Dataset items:
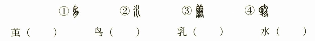 一、古人造字,源起象形,依样画瓢,栩栩如生。请将下列古体字的序号填写在简体字后面的括号中。(4 分)
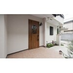 暗く雑然としていた玄関周りを玄関の位置を敷地奥側に移動しても、白い外壁と新しくした玄関ドア、そこにつながるスロープも整備して明るく心楽しいアプローチになりました。
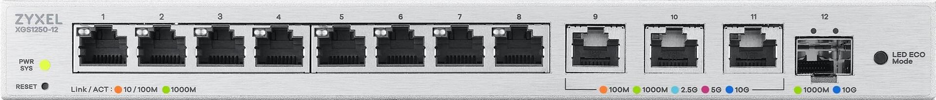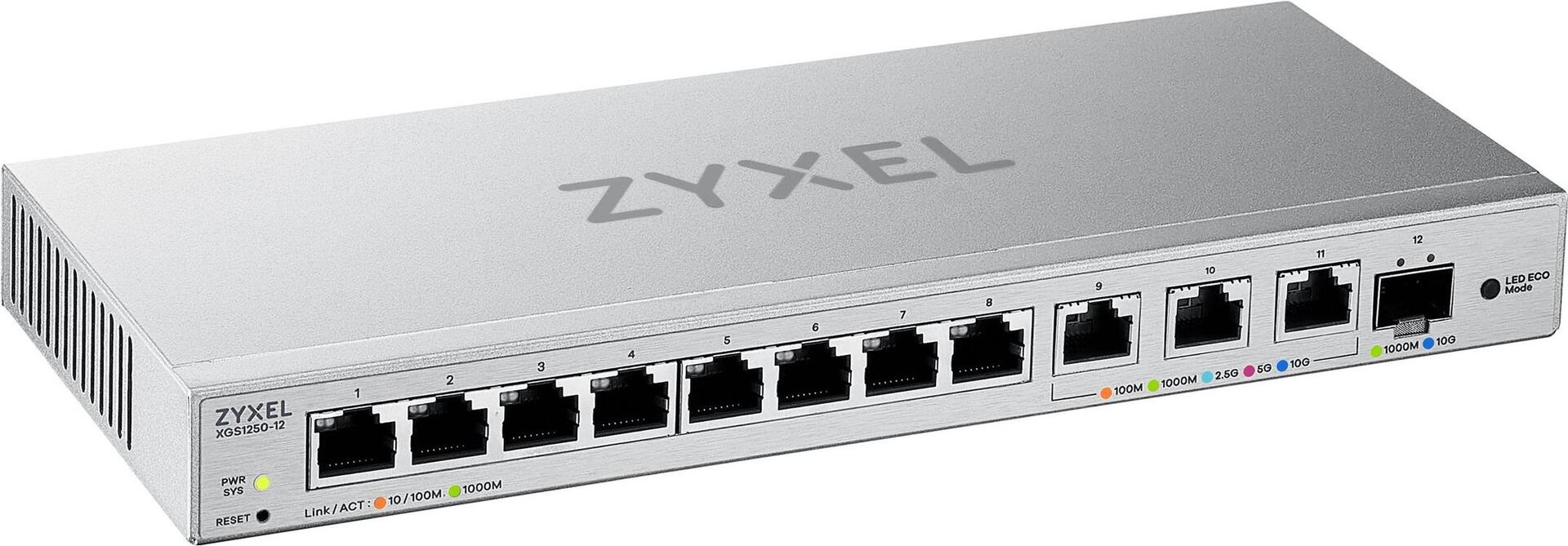 Der XS1250-12 verfügt über drei Multi-Gigabit-Ports, die bis zu 10G unterstützen, und einen zusätzlichen 10G Glasfaser-Port, dazu noch acht 1G Kupfer-Ports. Mit dem zusätzlichen Glasfaser-Port und den Verbindungsmöglichkeiten über 10G erhöhen Sie die Flexibilität. So können Sie mehr 10G Geräte bei Ihrer täglichen Arbeit einsetzen.
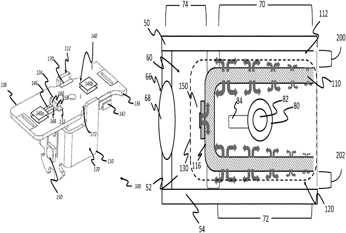 The patent describes a deterrent device attachment that incorporates a light-emitting thermal source and a support board designed to manage heat dissipation effectively. The assembly features a drive circuit that allows for controlled energization of the light source while minimizing heat transfer to the housing.
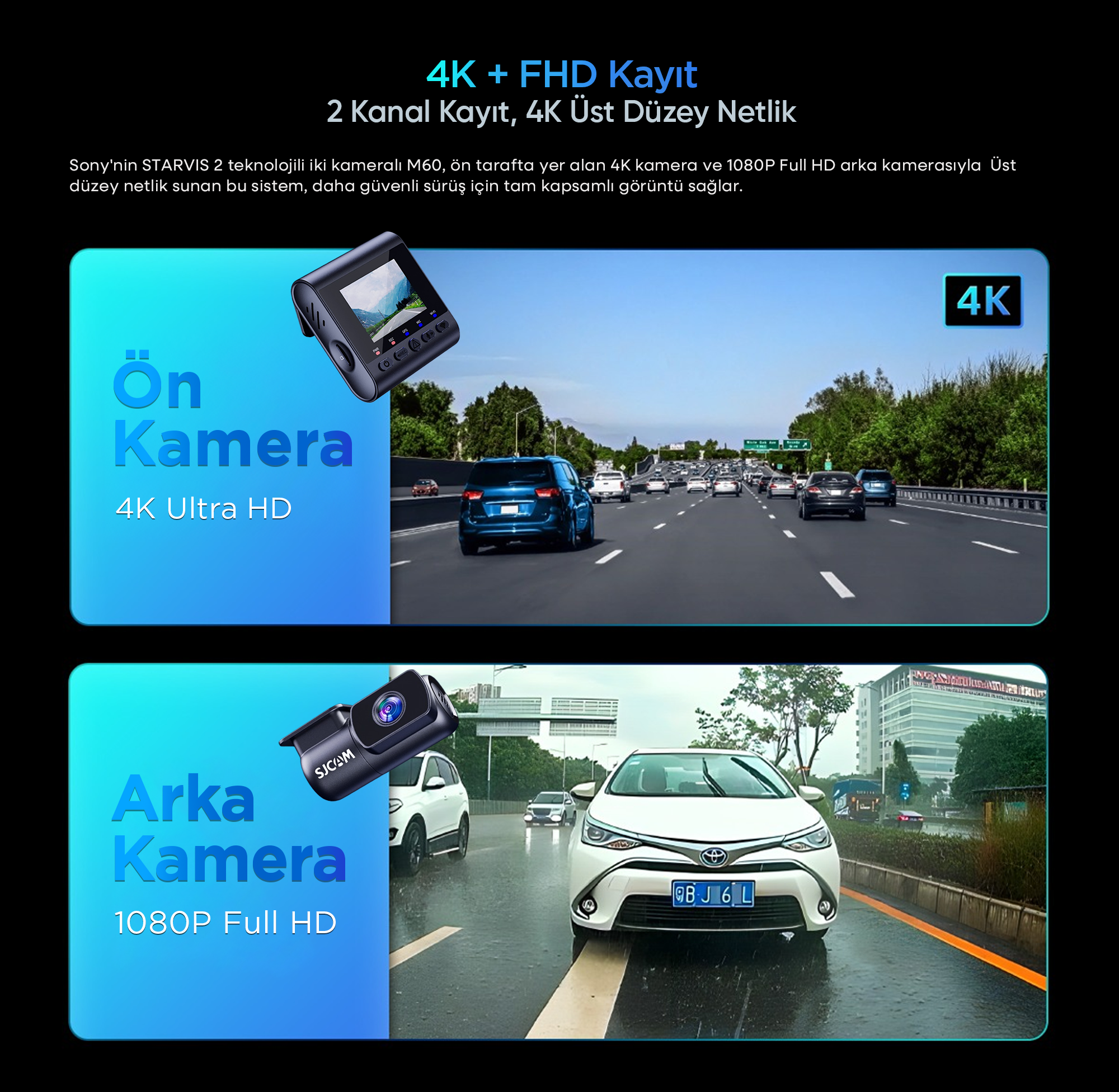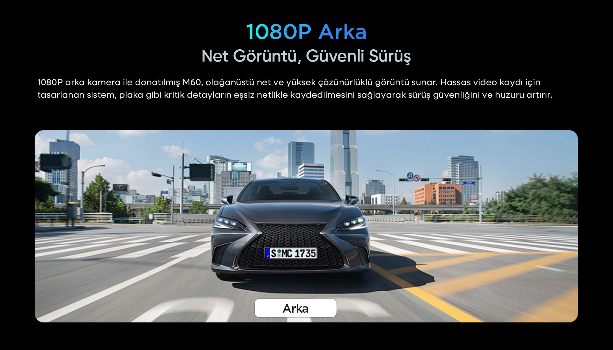 1080P arka kamera ile donatılmış M60, olağanüstü net ve yüksek çözünürlüklü görüntü sunar. Hassas video kaydı için tasarlanan sistem, plaka gibi kritik detayların eşsiz netlikle kaydedilmesini sağlayarak sürüş güvenliğini ve huzuru artırır.
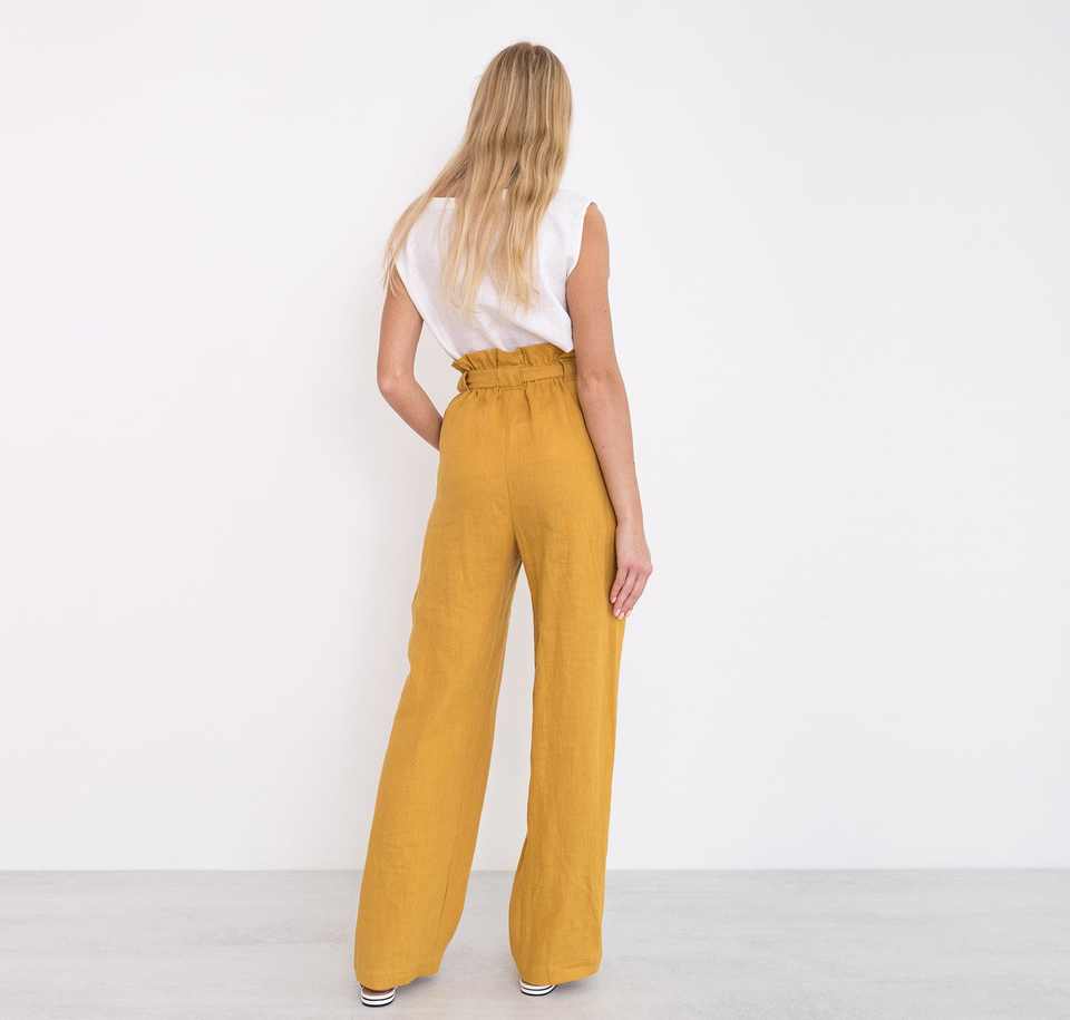 Product Name:Mustard Yellow Solid Linen high waisted Relaxed Pant

Exercise requirements:
Print all entries exactly; skip the pictures.

Result of the exercise:
 一、古人造字,源起象形,依样画瓢,栩栩如生。请将下列古体字的序号填写在简体字后面的括号中。(4 分)
 暗く雑然としていた玄関周りを玄関の位置を敷地奥側に移動しても、白い外壁と新しくした玄関ドア、そこにつながるスロープも整備して明るく心楽しいアプローチになりました。
 Der XS1250-12 verfügt über drei Multi-Gigabit-Ports, die bis zu 10G unterstützen, und einen zusätzlichen 10G Glasfaser-Port, dazu noch acht 1G Kupfer-Ports. Mit dem zusätzlichen Glasfaser-Port und den Verbindungsmöglichkeiten über 10G erhöhen Sie die Flexibilität. So können Sie mehr 10G Geräte bei Ihrer täglichen Arbeit einsetzen.
 The patent describes a deterrent device attachment that incorporates a light-emitting thermal source and a support board designed to manage heat dissipation effectively. The assembly features a drive circuit that allows for controlled energization of the light source while minimizing heat transfer to the housing.
 1080P arka kamera ile donatılmış M60, olağanüstü net ve yüksek çözünürlüklü görüntü sunar. Hassas video kaydı için tasarlanan sistem, plaka gibi kritik detayların eşsiz netlikle kaydedilmesini sağlayarak sürüş güvenliğini ve huzuru artırır.
 Product Name:Mustard Yellow Solid Linen high waisted Relaxed Pant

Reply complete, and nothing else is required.